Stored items
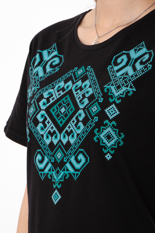 Особливу увагу привертає орнамент — стилізований візерунок, натхненний українськими традиційними мотивами. Такий елемент не тільки прикрашає футболку, але й символізує повагу до національних цінностей та культури.
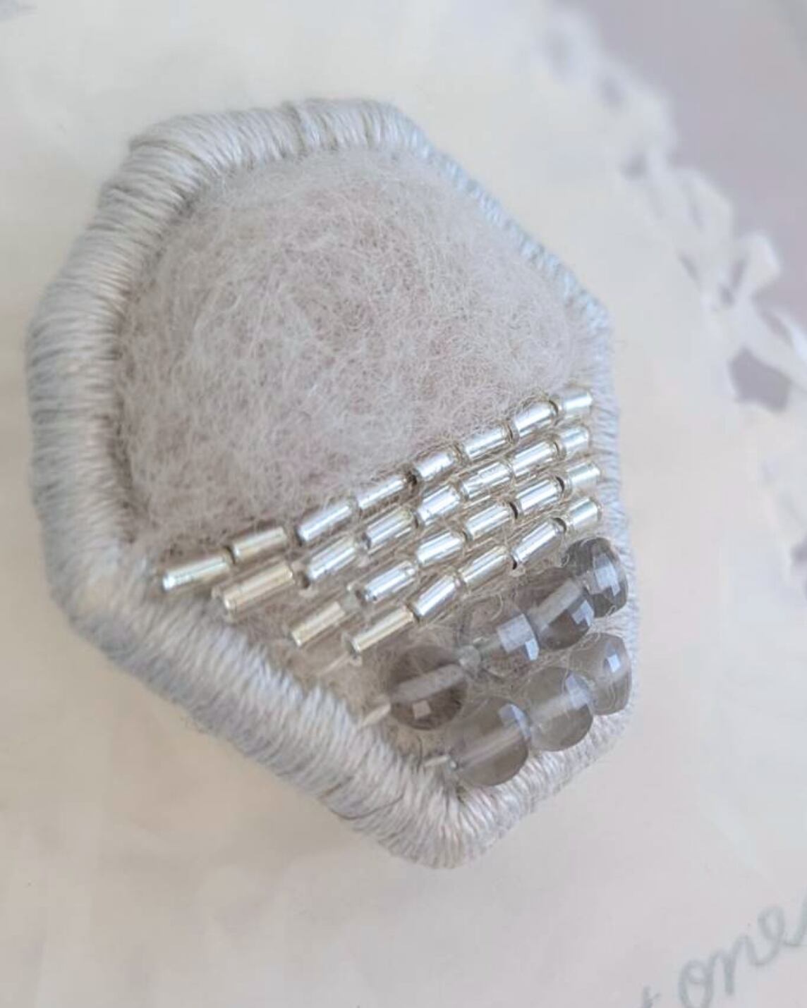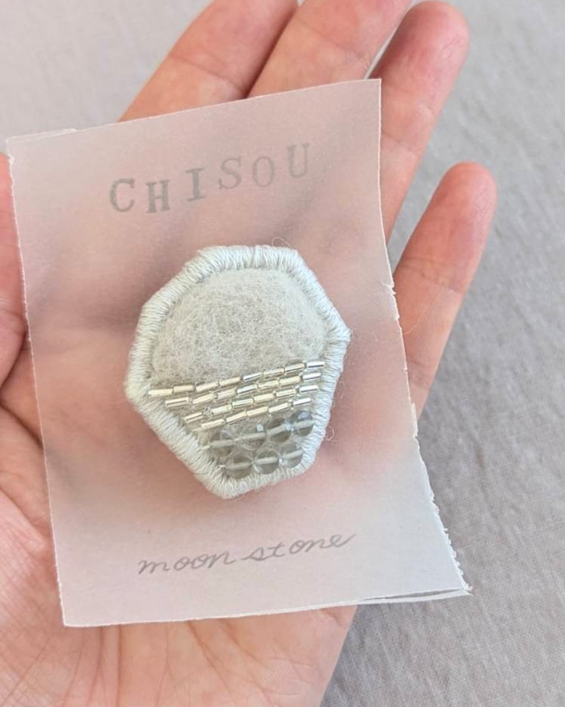 やわらかな光を放つライトグレーの天然石、ムーンストーンを使用しています。
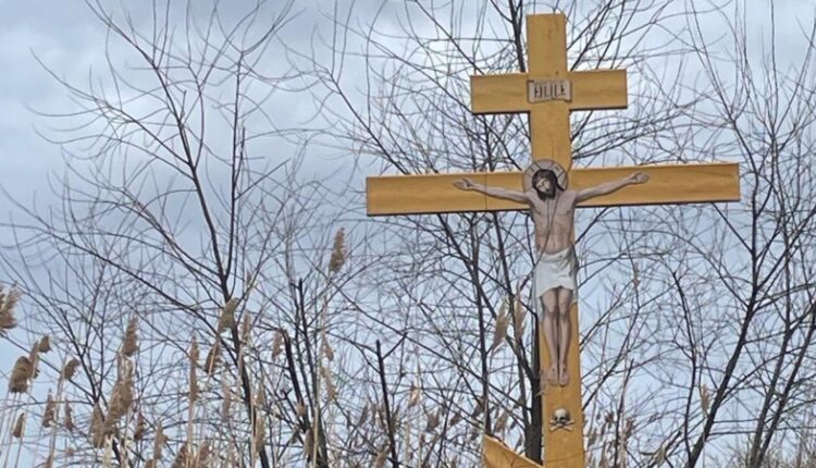 Поклонный крест, восстановленный монахиней Антонией и бойцами СВОДзен
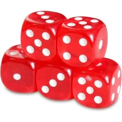 • Mit 5 großen transparent-roten Würfeln und Dealer Button
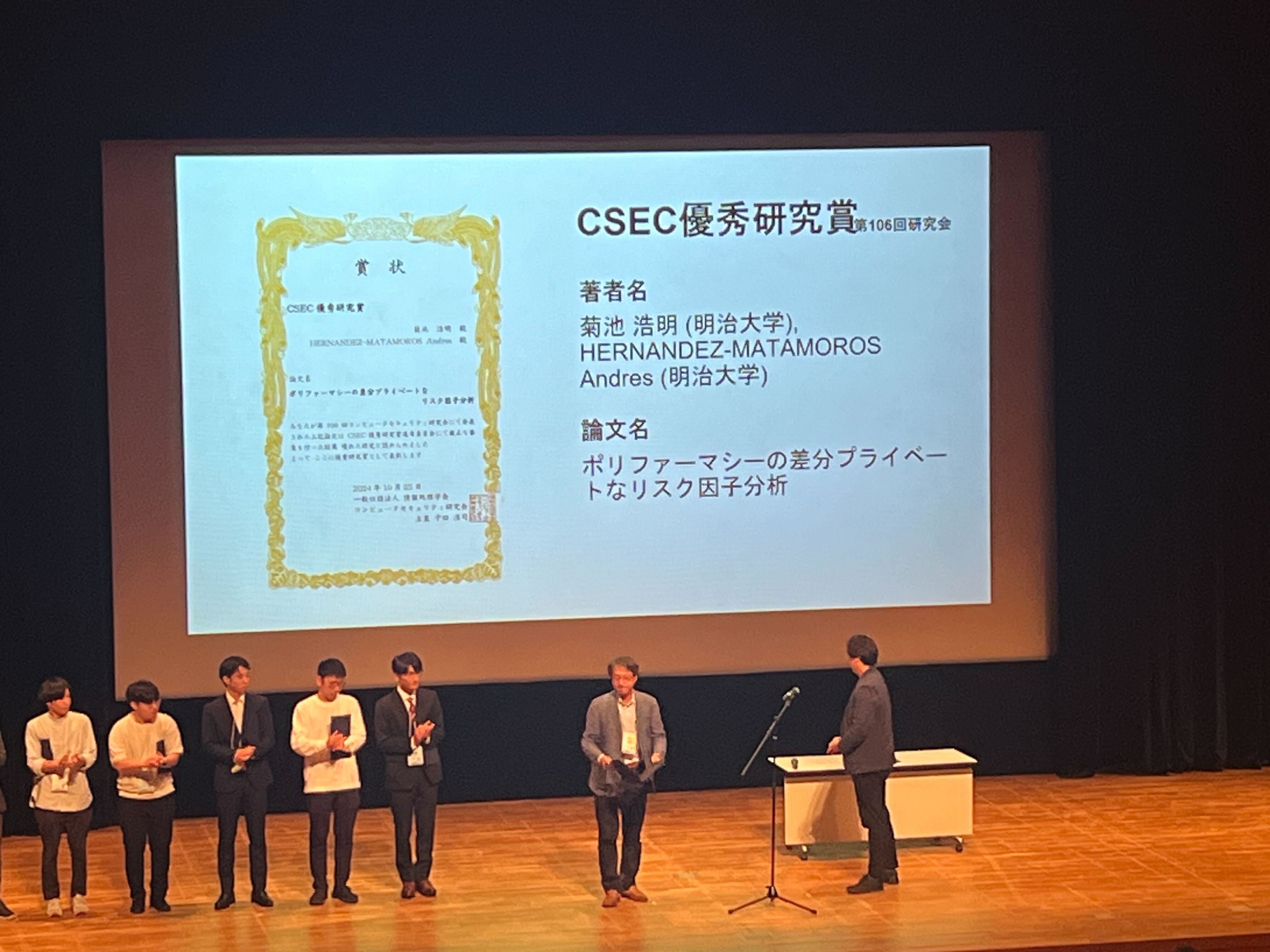また、菊池先生とAndressさんによる「ポリファーマシーの差分プライベートなリスク因子分析」の研究がCSEC優秀研究賞を受賞しました。
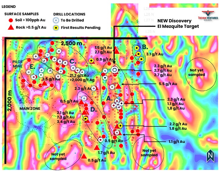 El Mezquite Target – A 350-meter-long soil anomaly with rock samples returning up to 2.7 g/t Au and 24 g/t Ag, aligned with a prominent north-south magnetic linear feature interpreted as a controlling fault structure. A drill rig is currently following up on the target.
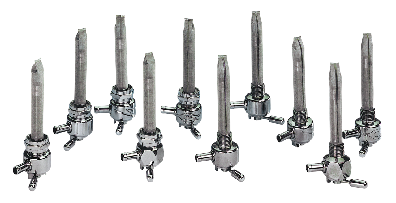 Questi rubinetti “Designer” sono costruiti in solido bronzo con precise specifiche e tolleranze ristrette. Il corpo è finemente lucidato e quindi cromato ed è disponibile nella versione liscia o lavorato. I rubinetti Pingel sono il must per il customizzatore che ha attenzione per i dettagli. Sono disponibili lisci, scanalati o con lampi, con disegno fiammato o sfaccettato. L’interno di questi rubinetti ad alto flusso ha le stesse caratteristiche dei rubinetti Pingel Power-Flo. Il design unico ottimizza il flusso di carburante sia a serbatoio pieno che in riserva. I rubinetti sono disponibili per tutti modelli di serbatoio recenti e del tipo vecchio per Big Twin e Sportster. I rubinetti con filettatura metrica da 22mm sono adatti per tutti Big Twin e Sportster 1975-2005. Il rubinetto con filettatura 1/4″ NPT è adatto per serbatoi pre-1975 e per la maggior parte di quelli custom. Tutti i rubinetti sono disponibili con uscita in avanti, indietro ed in giù.

Exercise requirements: Skip the pictures and quote each line of the entries above, from the first through the line with "Поклонный крест, восстановленный", exactly as it appears.

Finished exercise:
 Особливу увагу привертає орнамент — стилізований візерунок, натхненний українськими традиційними мотивами. Такий елемент не тільки прикрашає футболку, але й символізує повагу до національних цінностей та культури.
 やわらかな光を放つライトグレーの天然石、ムーンストーンを使用しています。
 Поклонный крест, восстановленный монахиней Антонией и бойцами СВОДзен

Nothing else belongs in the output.